CMMS targets single-image scoring without human labels by learning from three types of synthetic degradations: ① Token Corrosion: Tokens are replaced by uniform samples \(\mathcal{U}(\mathcal{V})\) with probability \(p\); ② Semantic Segment Swapping: Spatial token blocks are swapped to simulate structural misalignment; ③ Pixel-space Augmentation: JPEG compression, noise, and blurring are applied before tokenization. The target quality score is defined by corrosion intensity \(p\) using an exponential mapping to mirror human non-linear sensitivity:

\[q(p)=\exp(-20p),\quad p\in[0,0.3].\]

The regressor is a lightweight 2-layer Transformer encoder followed by an MLP, trained only on ImageNet-1K tokens and used zero-shot elsewhere.

4. VisForm Benchmark: A Stress Test for Distribution Shift across 62 Modalities

VisForm comprises 210,000 images covering 62 visual modalities (portraits, medical imaging, UI infographics, etc.) generated by 12 representative models. Each image is annotated by experts across 14 dimensions (composition, texture, artifact severity, etc.) with high consistency (Kendall’s \(W>0.75\)). Importantly, CMMS is never trained or fine-tuned on VisForm to ensure genuine generalization tests.

Loss & Training¶

CMMS is trained using AdamW on ImageNet-1K for 200 epochs (<24 hours on A100) with a learning rate of \(1\times10^{-4}\) and batch size 512. CHD is entirely training-free. Inference is highly efficient, with CMMS throughput exceeding 1000 images/second.

Key Experimental Results¶

Main Results¶

Consistency with human judgment was measured on AGIQA, HPDv2, HPDv3, and VisForm using Spearman, Kendall, and N-MSE.

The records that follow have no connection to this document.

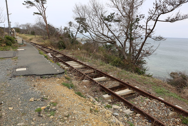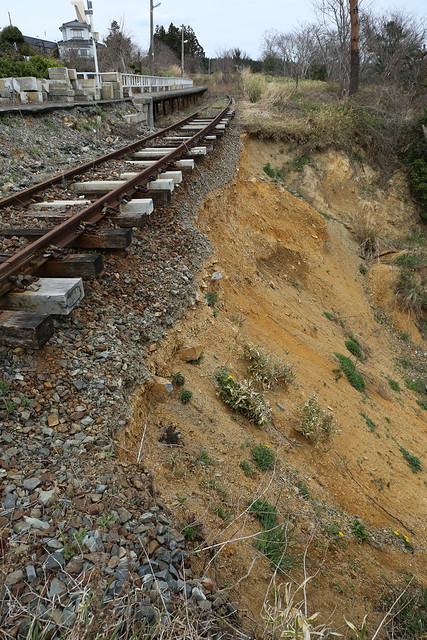 気仙沼中心部に入る道の途中で、「小金沢駅こちら」の看板を見つけました。すぐ海という場所だったので寄ってみると…やはり、駅など跡形もありません。正しくはここの駅舎は流されたと言うより、大きく破壊されたので撤去したようです。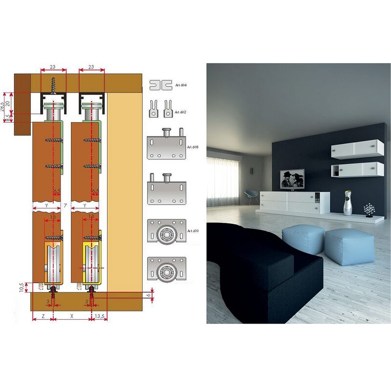 Kit modello Scorribase Standard per Ante Scorrevoli, marca Terno Scorrevoli Caratteristichetecniche: -Scorribase Standard è il più tradizionale dei sistemi scorrevoliregolabili per mobili con ante sovrapposte. -Portata massima: 60 kg. -Il sistema è caratterizzato da carrelli scorrevoli nella parte inferiore delmobile e da un pratico sistema di aggancio nella parte superiore. -Fermi Standard Per un kit completo per1 anta acquistare: -TSC608610- Scorribase standard -TSC660G3- Binario superiore in Alluminio -TSC620G3- Binario inferiore alluminio (Con Fresatura) In altrernativa al binario inferiore in Alluminio con Fresatura è possibile inserire: -SLI1004502A3- Profilo inferiore alluminio (Montaggio in Esterno con Viti) La confezione comprende: -nr.01 Kit modello Scorribase Standard Perché scegliere Terno Scorrevoli? Terno Scorrevoli è una realtà in continuaevoluzione. Questa caratteristica si ritrova non solo nei prodotti Terno,sempre all'avanguardia, ma anche negli spazi dell'azienda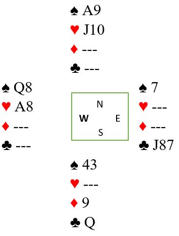 Men Sunde hadde fått kontrakten på østs hånd. Syd tok for ruter ess og resten stod. Selv ville nok tenk vel og undert lenge før det utspillet og kanskje prøvd en spar, eller kanskje...? Ja, liten ruter ut er litt fristende for å forsøke å få inn makker. Om nord har knekten blir det en spesielt vakker bet, ruter unna A-K-Q til knekten, kløver til stjeling! Men denne gangen blir et sånt ekspertutspill som gir lang nese hos utspilleren idet blindemann dukker opp med ruter knekt-10...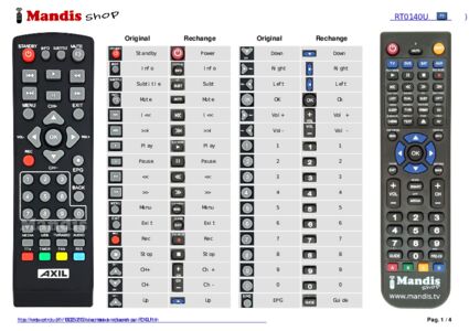 Un document est inclus pour vous aider à utiliser facilement la nouvelle télécommande, en indiquant la correspondance des boutons.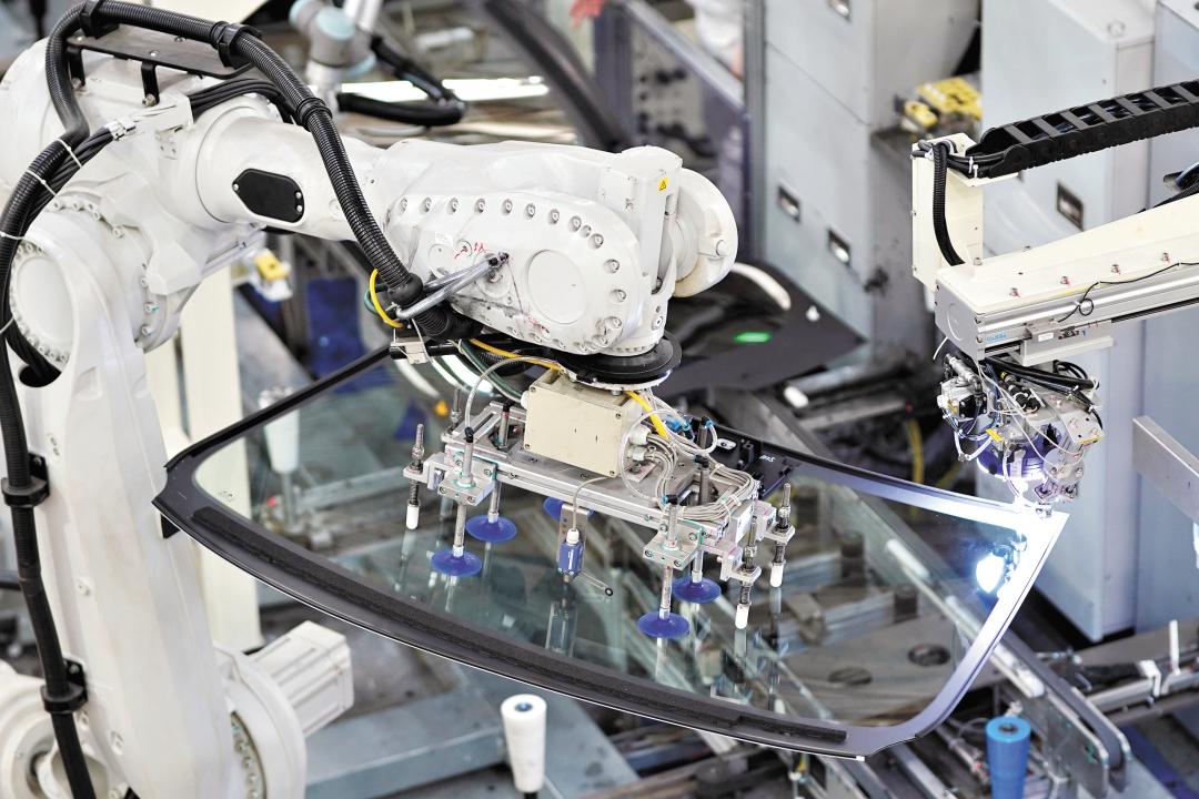 前后擋風玻璃安裝站是一個多機器人融合的工位。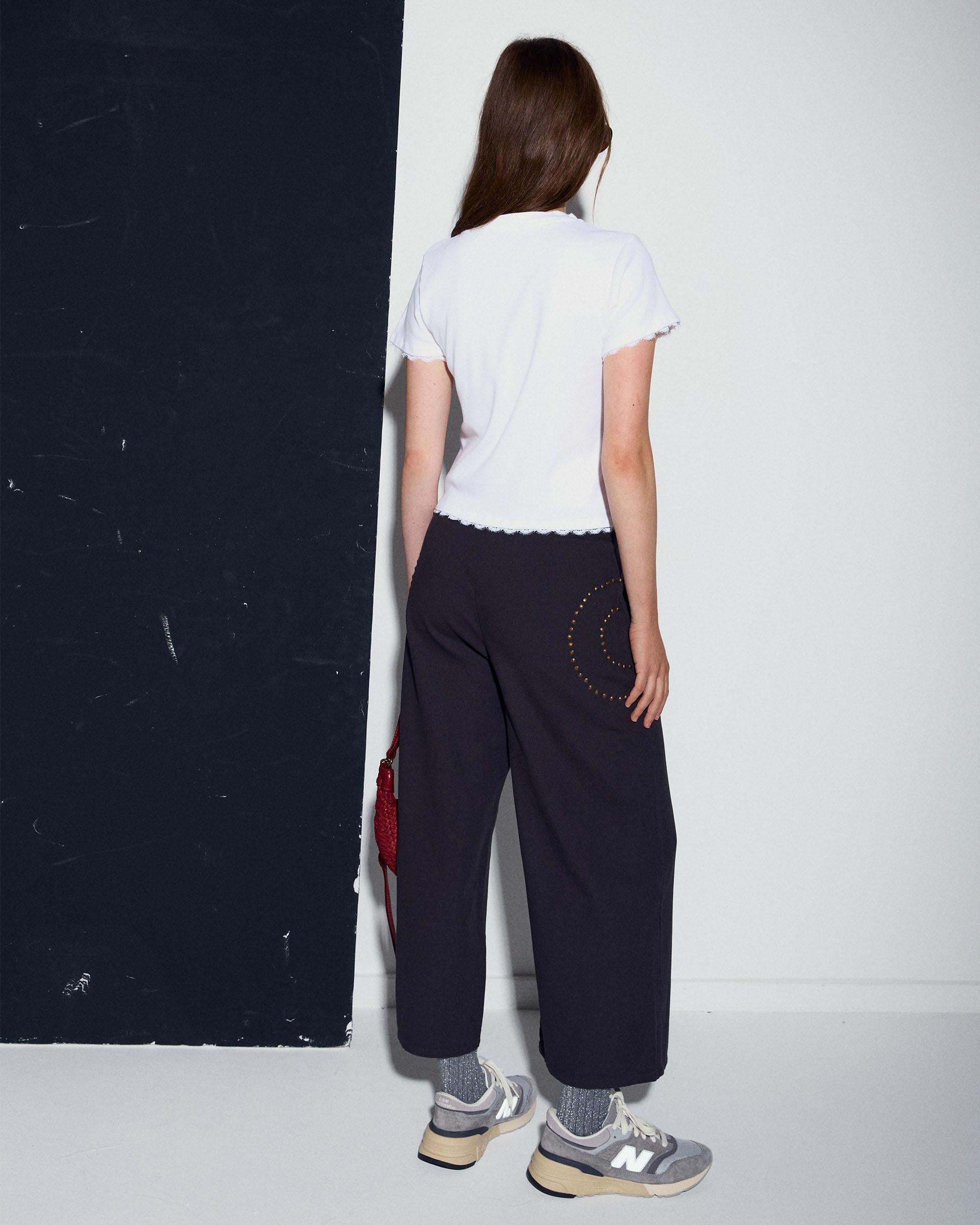 Camiseta de manga corta de color blanco con detalle de puntillas.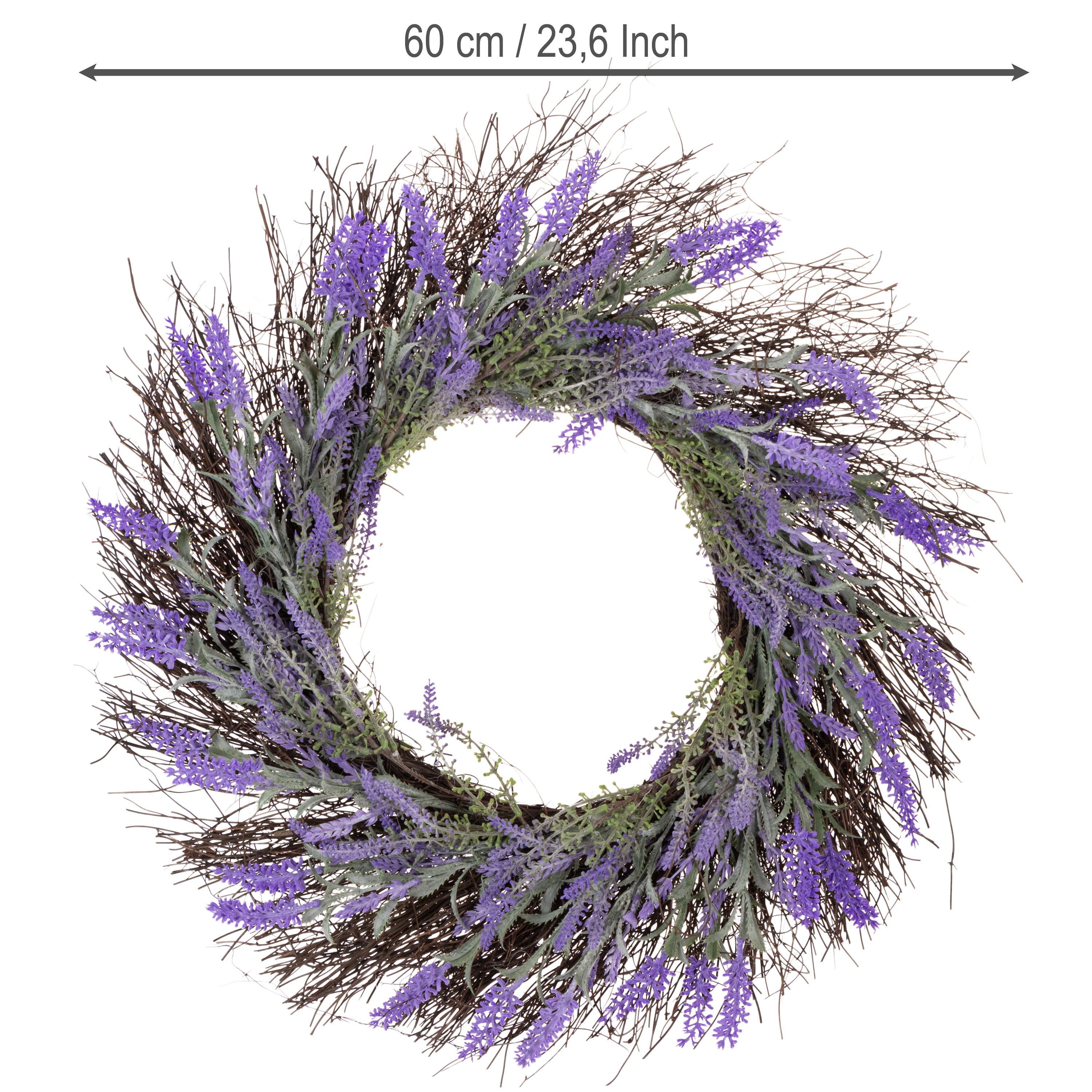 Levanduľový veniec vyžaruje čistú eleganciu. Jeho jemné farby a prirodzene vyzerajúce konáre viniča z neho robia všestranný bytový doplnok. Použite ho napríklad ako dekoráciu na stôl so sviečkami a čerstvými kvetmi alebo ako jarný akcent na terase. Vďaka priemeru 60 centimetrov vynikne všade, kde ho umiestnite, a zároveň zostáva dostatočne neutrálny, aby sa bez problémov začlenil do akéhokoľvek prostredia.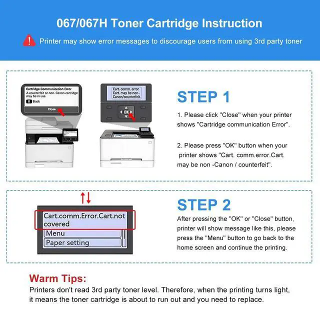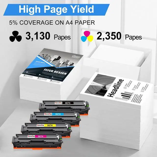 Package Contents: 4 Pack 067H Toner Cartridge replacement for Canon 067H 067 Toner Cartridge High Capacity, including 1 x 067H black toner cartridge, 1 x 067H cyan toner cartridge, 1 x 067H yellow toner cartridge, 1 x 067H magenta toner cartridge, Each color imageclass mf656cdw toner with robust packaged to ensure safety and integrity ^^ Enhanced ProductivityHenceBuy 067H Toner Cartridges ensure maximum printer uptime, allowing you to print large volumes of documents without compromising on quality or performance. ^^ Printing PerformanceAll 067H 067 Toner Cartridges are strictly manufactured to ensure the premium print quality, which offers accurate colors and long-lasting texts, bringing every detail to life

Dataset	Metric	CHD (Ours)	CMMS (Ours)	Strongest Competitor	Description
AGIQA	Spearman↑	0.829	0.943	DEQA 0.886	CMMS significantly leads IQA baselines
AGIQA	N-MSE↓	0.112	0.050	CMMD 0.142	CHD outperforms all distribution metrics
HPDv3	Spearman↑	0.867	0.872	DINO-FID 0.782	Both CHD/CMMS lead by a wide margin
HPDv3	N-MSE↓	0.017	0.018	KID 0.045	Error reduced to 1/2 or 1/3 of rivals

Pairwise Accuracy (percentage of correctly predicted preferred images):

Preference Model	AGIQA	HPDv2	HPDv3	VisForm
DEQA (CVPR'25)	68.7	70.6	52.7	63.1
MDIQA	66.3	70.1	51.1	64.5
CMMS (Ours)	71.5	74.9	61.3	66.7

Ablation Study¶

Dimension	Configuration	AGIQA (CHD N-MSE↓ / CMMS Acc↑)	Description
Tokenizer	VQ-VAE (2D token)	0.268	2D tokenizer significantly degrades performance
Tokenizer	TiTok (1D token)	0.112	1D tokenizer is the critical prerequisite
CHD Components	1D + 2D	0.112	Complementary features yield best results
Distance Metric	Hellinger	0.112	Most robust for sparse histograms
Quality Mapping	exp(−20p)	71.5 (Acc)	Best alignment with human perception

Key Findings¶

1D vs 2D tokenizers are decisive: Replacing the 1D tokenizer with a 2D VQ-VAE doubles the N-MSE. 1D tokenizers provide compact, decoupled sequences essential for the method.
Sample Efficiency: CHD stabilizes with ~1000 images, making it far more sample-efficient than FID for evaluating expensive models.
Sparse Trick: Using sparse representations for CHD-2D co-occurrence matrices makes the computation of \(4096^2\) pairs feasible.

Highlights & Insights¶

Paradigm Shift in Evaluation Domain: The most significant contribution is the argument that reconstruction tokens, rather than recognition features, are the proper "home" for quality evaluation.
Training-free + Self-supervised: The combination of CHD (training-free) and CMMS (self-supervised) outperforms models trained on large human-annotated datasets, proving the strength of token-based priors.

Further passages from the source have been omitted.